Changes since last release (October 1999)
=========================================
* Support for Linux 
* Support for parallel features (tested on O2K platform only)
* Most of the functions from the H5R, H5P, H5T, H5E and H5I interfaces were 
  implemented. See Reference Manual for complete list. The new functions  
  include support for object and dataset region references, and for 
  compound datatypes.
* This prototype supports more predefined types. See list below in 
  the "About the Fortran APIs" section.
* This prototype supports T3E and T3E with mpt 1.3. One has to modify
  H5Dff.f90, H5Aff.f90, H5Pff.f90 to comment lines with the module procedures for
  double precision datatypes. See source code.

Supported platforms
===================
The FORTRAN90 APIs provided here are known to work with the
following platforms and compilers:

     *  SunOS 5.6  with  WorkshopCompilers 4.2 Fortran 90 1.2
     *  SunOS 5.7  with  WorkshopCompilers 5.0 Fortran 90 2.0 
     *  OSF1 V4.0  with  Digital Fortran 90 4.1 
     *  Linux RedHat 6.1, Kernel 2.2.12 with PGF90
     *  T3E with Cray Fortran: Version 3.4.0.0
            with mpt 1.3

Compilation
===========

1. Install HDF5 Release 1.2.2 on your system
   (ftp://ftp.ncsa.uiuc.edu/HDF/HDF5/current).  If you are using a
   binary distribution provided by the HDF group, make sure that a GZIP 
   library is installed on your system.
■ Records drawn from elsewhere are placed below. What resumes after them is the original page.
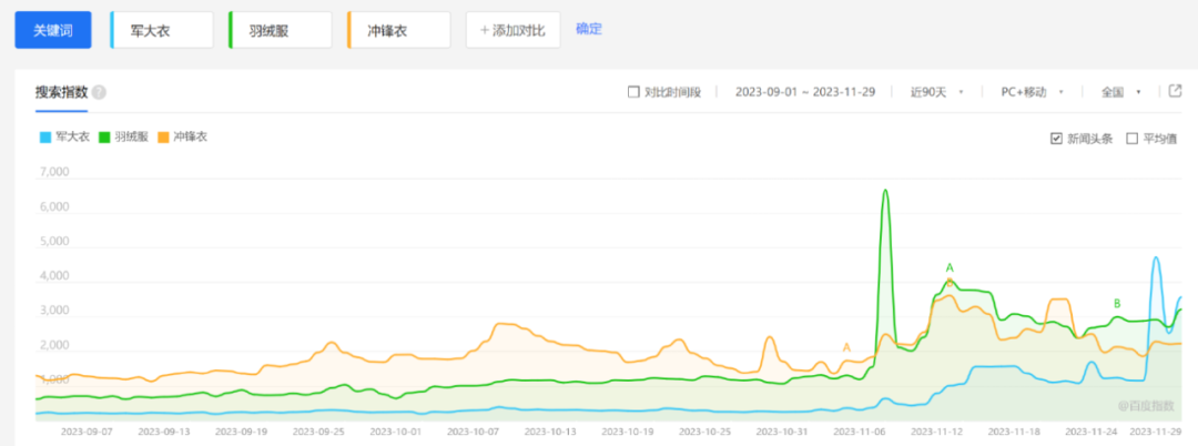 百度指数显示,“军大衣”的相关热度自11月中旬便有起势,在11月27日达到顶峰,指数翻3倍,热度一度盖过同时段的“羽绒服”和“冲锋衣”。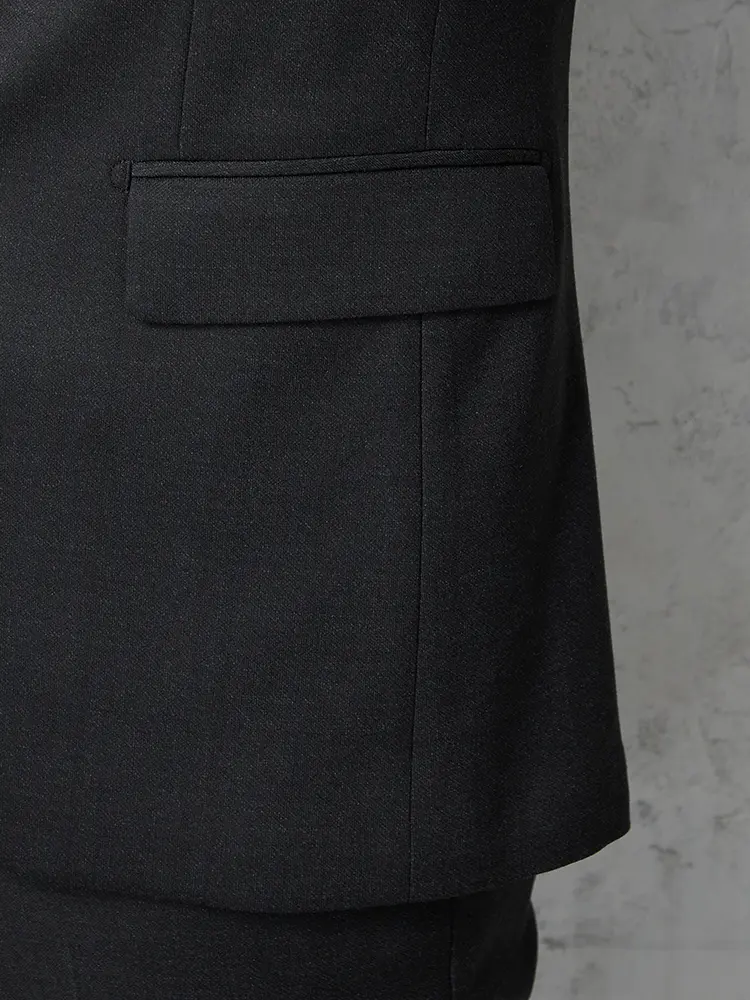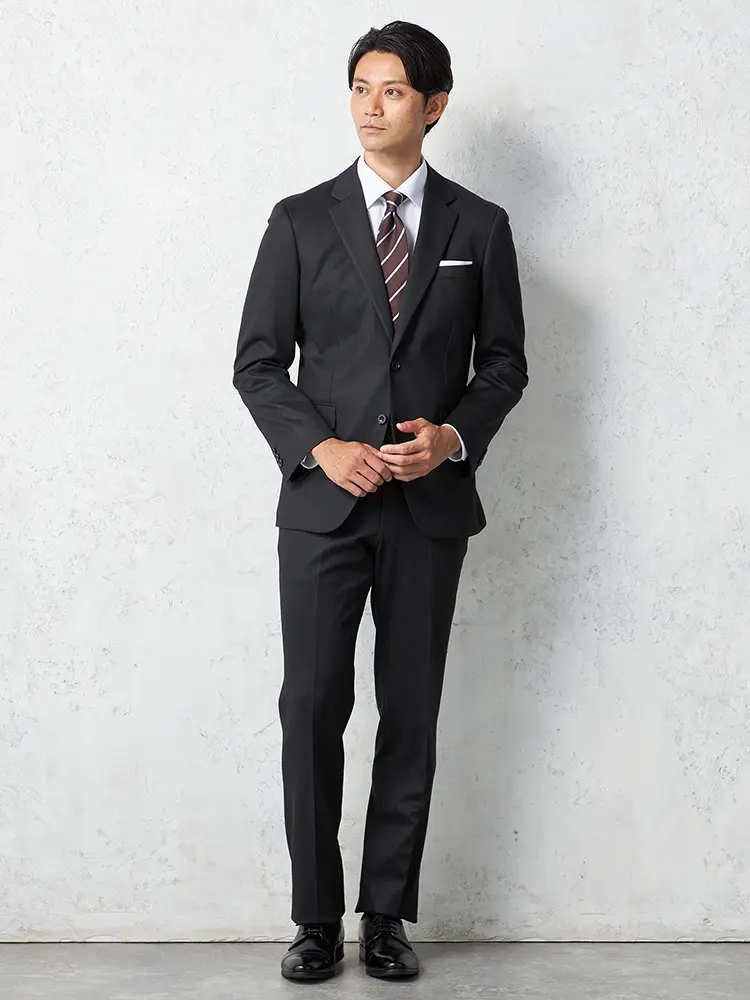 【上下ウォッシャブル】スリーピーススーツ2つボタンウール混ストレッチ・防しわ無地nero秋冬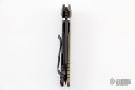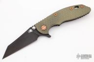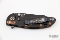 This XM-18 by Rick Hinderer features a battle black blade with notched thumbrest and flipper. The handle has an anodized titanium front scale and battle black frame, tip up or down reversible titanium clip and copper filler tab. Copper hardware. Excellent condition. Comes with original box and papers.
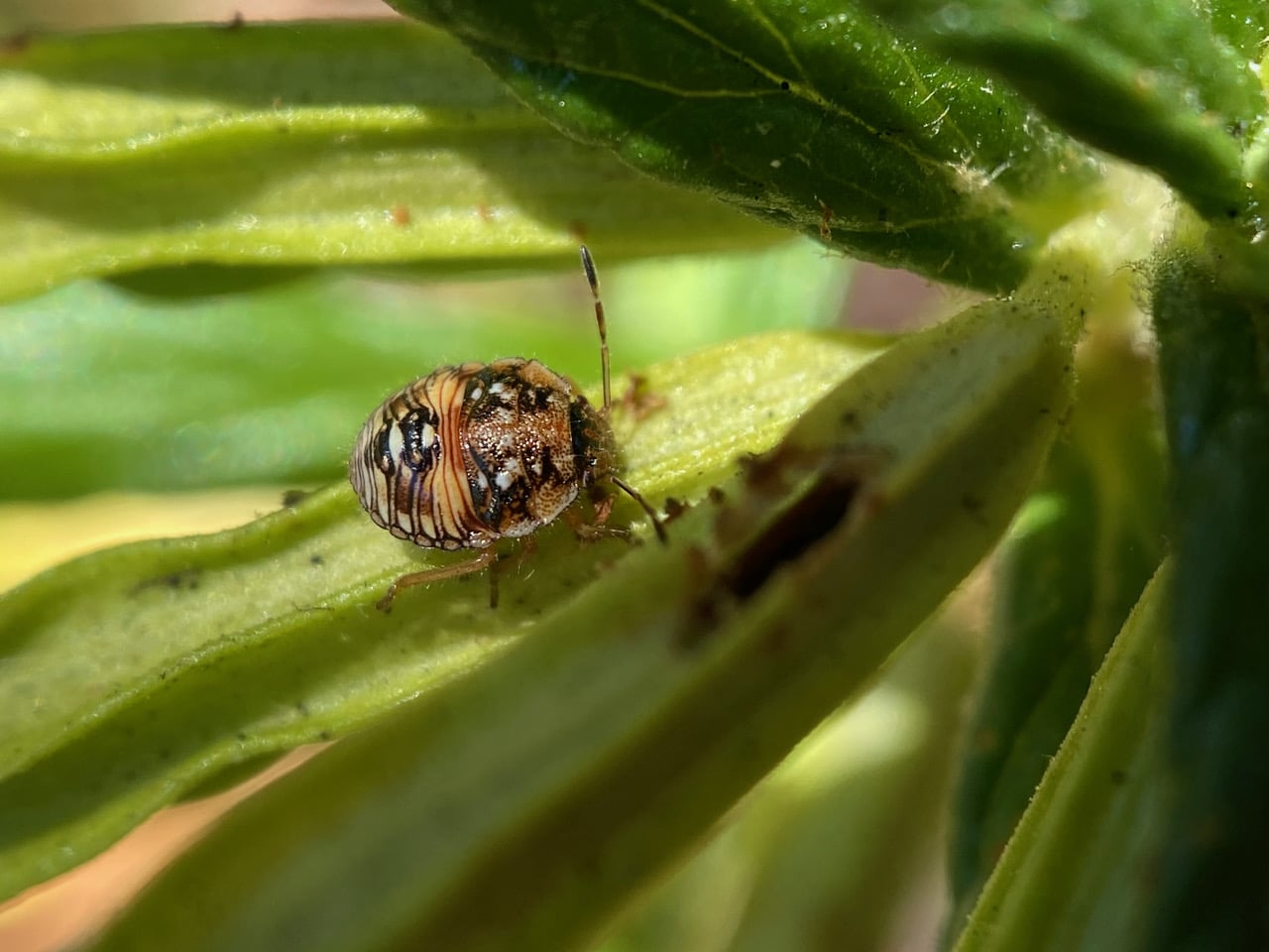 The intricate and colorful patterns on the nymph’s back remind me of a piece of cloisonné jewelry. The creature is a late instar of the Red-shouldered Stink Bug, Thyanta custator (family Pentatomidae).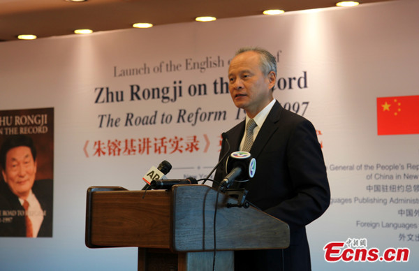 Chinese Ambassador to the U.S. Cui Tiankai delivers a speech at the launch ceremony for Zhu Rongji on the Record (English Edition) in New York on September 9, 2013. [Photo: CNS / Ruan Yulin]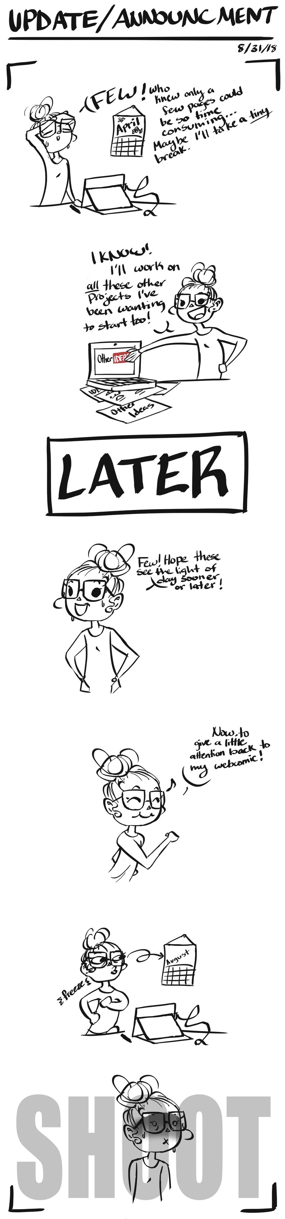 Yea, the comic is pretty self-explanatory... got caught up in other projects over the last few months. All are still ideas in progress and nothing super concrete yet but sooner or later they'll come to light... hopefully.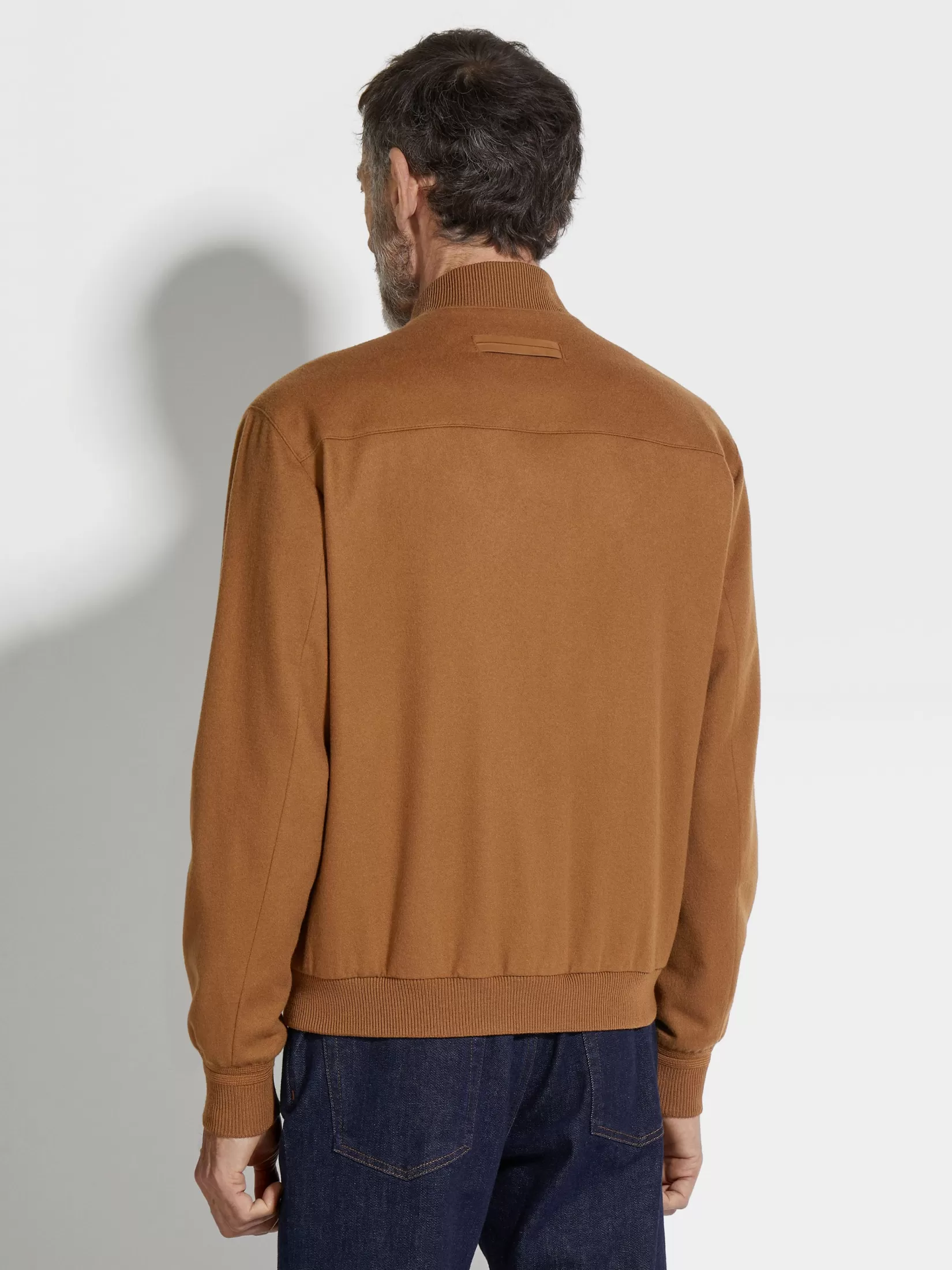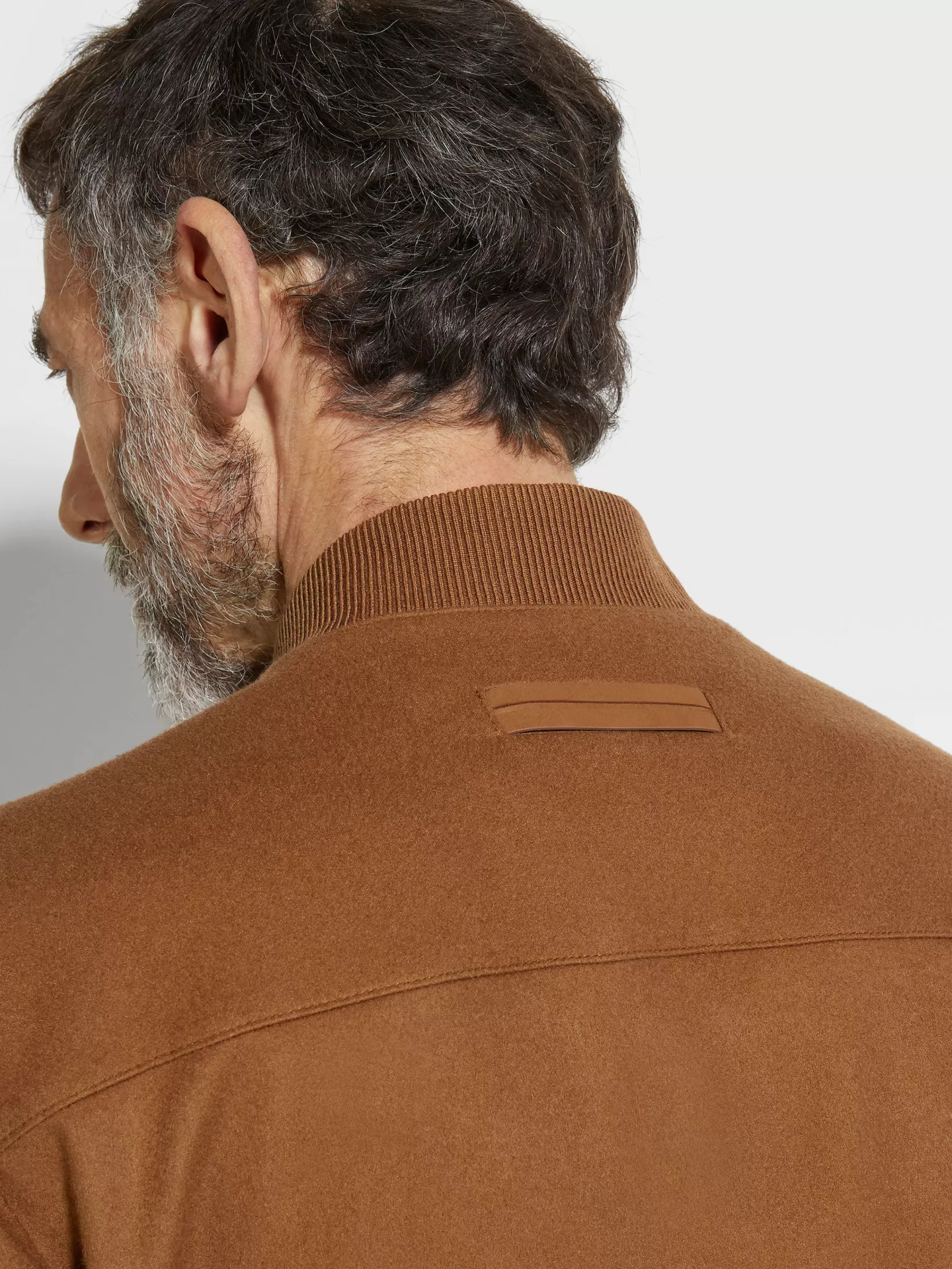 Esta chaqueta bómber en Foliage oscuro presenta una ligera capa de fieltro y un acabado en relieve gracias a la cachemira extrafina Oasi Cashmere Elements, exclusiva de Zegna. La chaqueta tiene una membrana impermeable que preserva sus cualidades a la vez que le protege mejor. Su diseño deportivo está acabado con un cuello tipo bómber acanalado y los puños a juego.
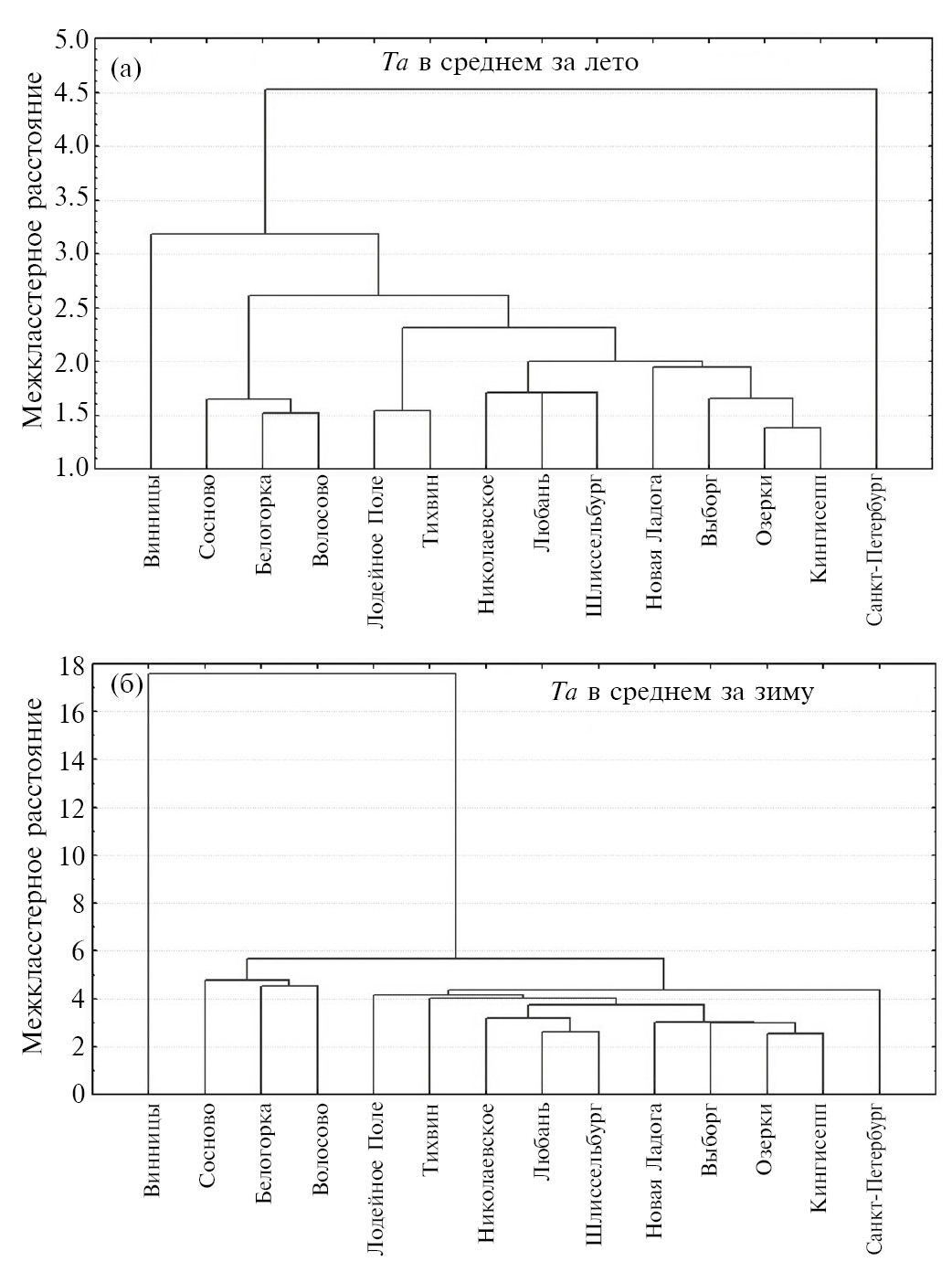 Рис. 6. Результаты кластерного анализа многолетних данных (1980–2020 гг.) средних годовых значений температур воздуха за лето (а) и зиму (б) в Ленинградской области и в Санкт-Петербурге

If you do not have a GZIP library,
   you may copy it from the HDF FTP server.

2. In the src directory copy H5fortran_types.f90_<system> to 
   H5fortran_types.f90, where <system> is one of the following:

     solaris
     digunix
     linux

   Example: On Digital Unix systems use the following command
            cp H5fortran_types.f90_digunix H5fortran_types.f90

3. Edit Makefile_<system >in the src/, test/ and examples/ directories
   to specify the locations of the HDF5 C Library, the GZIP Library, and the 
   corresponding include files on your system.

4. In the src directory, run make to create the HDF5 FORTRAN90 library 
   hdf5_fortran.a
             make -f Makefile_<system>
             
   Example: On Solaris run
            make -f Makefile_solaris

   The Fortran library hdf5_fortran.a will be created.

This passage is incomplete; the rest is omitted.